Bairdy’s stories of ancient magic fill Kenzie’s mind, but in the cold light of the morning, they discover that the mountain leader has disappeared, his store left intact. They are alone.

Take a walk, how Barbara Henderson learned to appreciate the outdoors, despite her best efforts!

An guest publication of Barbara Henderson

Every Sunday afternoon, it was the same shout of inopportune rally: prepare, Barbara. Let’s take a walk.

What my inevitable response was: ‘What? Again? Noooo.

I am a country girl who grew up to the edge of a town, the darkness of the darkness of the endless wooded hills of Germany no more than a stone shot. I spent all day outdoors as I was: play in the garden, explore the forest and burns all over our house, walking towards my cousin’s house, which was even more remote. I wasn’t fair! Why did my evil parents have to impose a walk? The walks made sense, in my humble opinion. You went from A B a a again, without the freedom to play or take adventure deviations along the way. And what were you going to do while you placed one foot in front of the other? Talk? Look around? It was the very idea of ​​purgatory for me, eleven years old!

And yet. My parents pointed out different trees that I learned to identify with their leaves. We saw deer and hares, we collected bird feathers and investigated wild boar tracks in the land of the forest. My parents were also managers for fungi and berries, yawn! This made those walks even longer. Come on, I’ll make myself fall.

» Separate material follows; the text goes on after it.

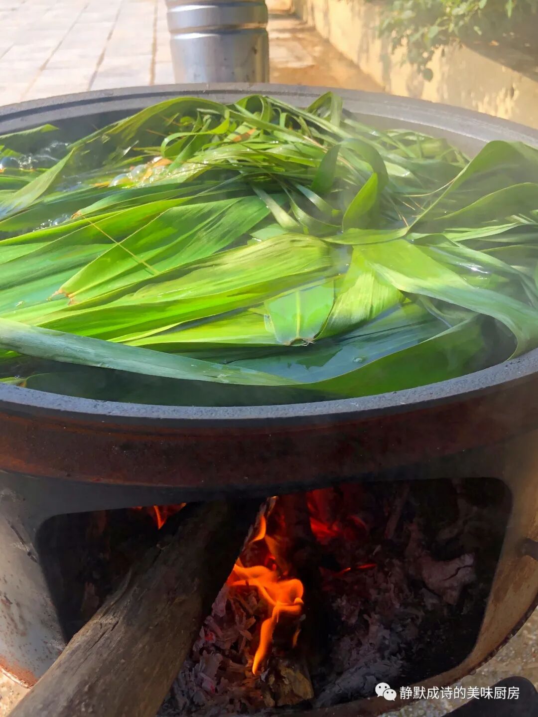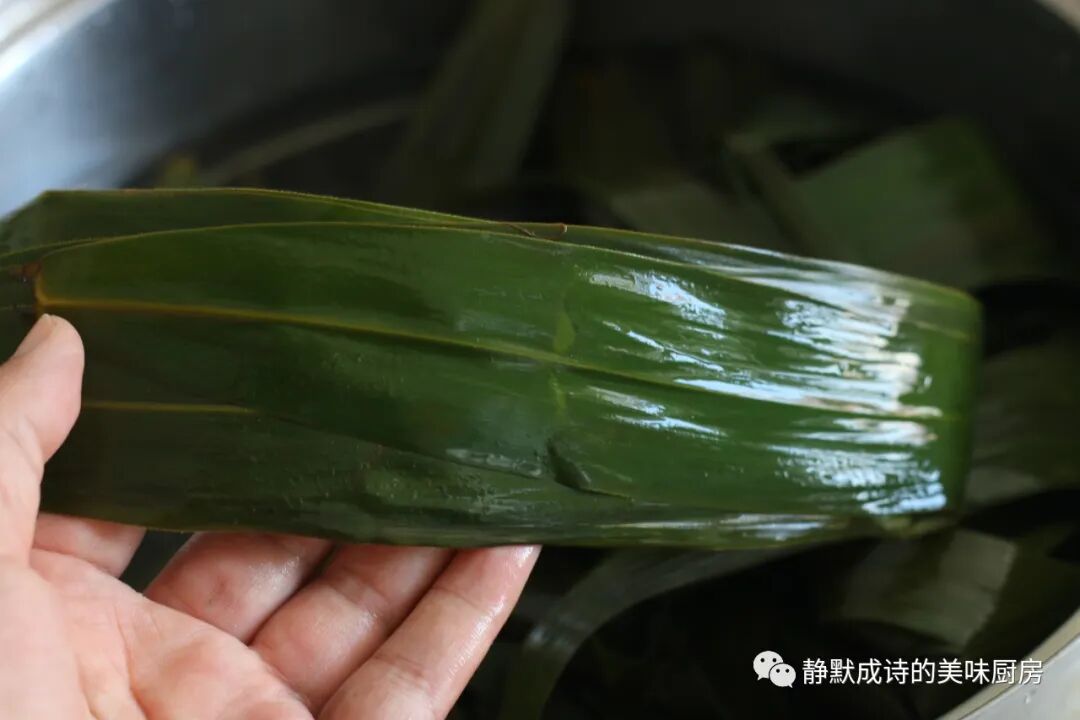 3、我用的是芦苇的叶子,这个叶子比较窄而且质地发脆,所以在包粽子之前需要把它煮一下以增加叶子的韧性,防止包粽子过程中裂开漏米。

I want to go home!

House to read my book, most likely. I was a voracious reader as a child, and my idea of ​​adventures was to disappear, quite security and without any physical effort, between the pages of a great story. There! That was better.

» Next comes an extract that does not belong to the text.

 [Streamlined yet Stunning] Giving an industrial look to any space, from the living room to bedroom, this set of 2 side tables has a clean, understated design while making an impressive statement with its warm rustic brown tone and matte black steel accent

I extended to get out of those walks on Sunday afternoon as soon as I was an adequate teenager. However, when I moved to Scotland to study, something very strange happened: I began to lose all the things that had previously bothered me in my education. I started putting the table for the formal afternoons of coffee and cake that had been held. I started listening to classical music and the choir that had drowned with Springsteen at home. And, much against my best judgment, I began to develop an interest in the birds, the gardens and … going out to walk! Who had I become?

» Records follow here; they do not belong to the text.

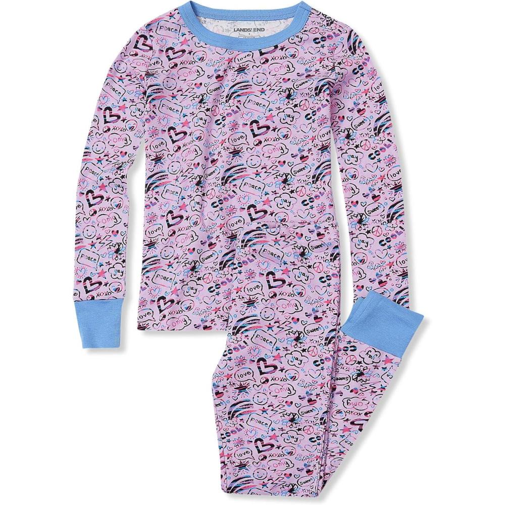Lands’ End Kids Pattern Snug Fit Pajama Set(Doodle on Light Purple)
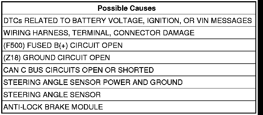If the Anti-Lock Brakes Module fails to receive bus messages from the Steering Angle Sensor for approximately 500 ms.
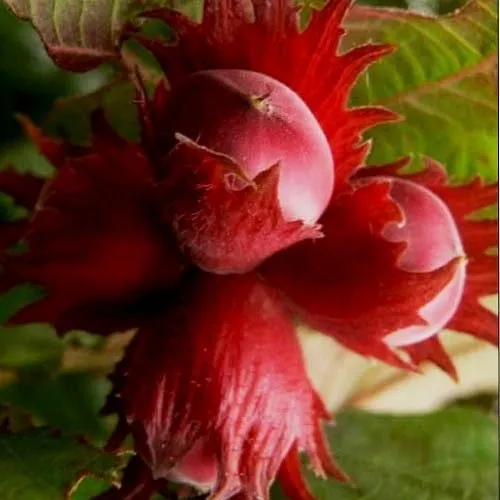 Плоды фундука Багрянец – это средние или крупные орехи (1,5–2 см в длину), собранные в гроздья по 5–8 штук. Пурпурные обертки (плюски) усиливают декоративный эффект. Скорлупа тонкая, легко раскалывается, а ядро составляет до 50% массы ореха. Вкус насыщенный, сладковатый, с богатым ореховым послевкусием (оценка дегустаторов – 4–4,6 балла). Орехи созревают в конце августа – начале сентября, что относит сорт к среднепоздним. Урожайность впечатляет: с 7–8-летнего куста собирают 3–5 кг, а взрослые растения дают до 12 кг. Орехи хранятся до 2 лет без потери вкуса, если высушить их в течение 1–2 недель после сбора.

In my defense, if there was ever a country made to enter, it was Scotland! It began innocently, with short vagrants in the beautiful city of Edinburgh. In a short time, we were taking the borders, Aberfeldy and Glencoe on weekends. What was happening to me? When my husband’s work took our family to the highlands, I had to admit that it was a lost cause: I had become my parents. Like my mother and my dad before me, I am a mother of three (now adults) young people who protested against the mandatory weekend walks almost as much as he had. But they can also identify most birds and have experienced wading first -hand through Scottish dirt on the road to a fog hill, or being assaulted by a million mosquitoes in a coastal camp. My last story, I do not make mountainsIt is about that experience, being a young person who has no choice but to interact with the outdoor, but that does not resist the appeal of her.

Most people who pass me through the street would not classify me as a typical outdoor guy, and I am not muscular, agile or with the weather. I’m not even hard. But how could I not fall in love with the song of the birds and the breeze, and the wild places at my door?

A typical Sunday afternoon in our house will now be calm. No scream of meeting, without protest. Only the creak of the chairs while we put our walk boots and go for a walk.

It goes without saying.

****

Thank you very much Barbara, and yes, I think we all become our parents in some way, so I’m going to dig up my boots to walk, although unfortunately Fenland Lincolnshire does not offer many mountains …

About Barbara Henderson

Barbara Henderson is the award -winning author of Eleven Books, including the award -winning novels of Young Quills The chess thief and The siege of fallingas well as RivetWinner of the Books for Topics Curriculum Support Prize. Its historical and echo fiction for children is widely studied in schools. Barbara is based in the Scottish highlands, where she still teaches drama, but she loves to travel and spread history in classrooms throughout the country. When he has the opportunity, he likes to leave nearby hills.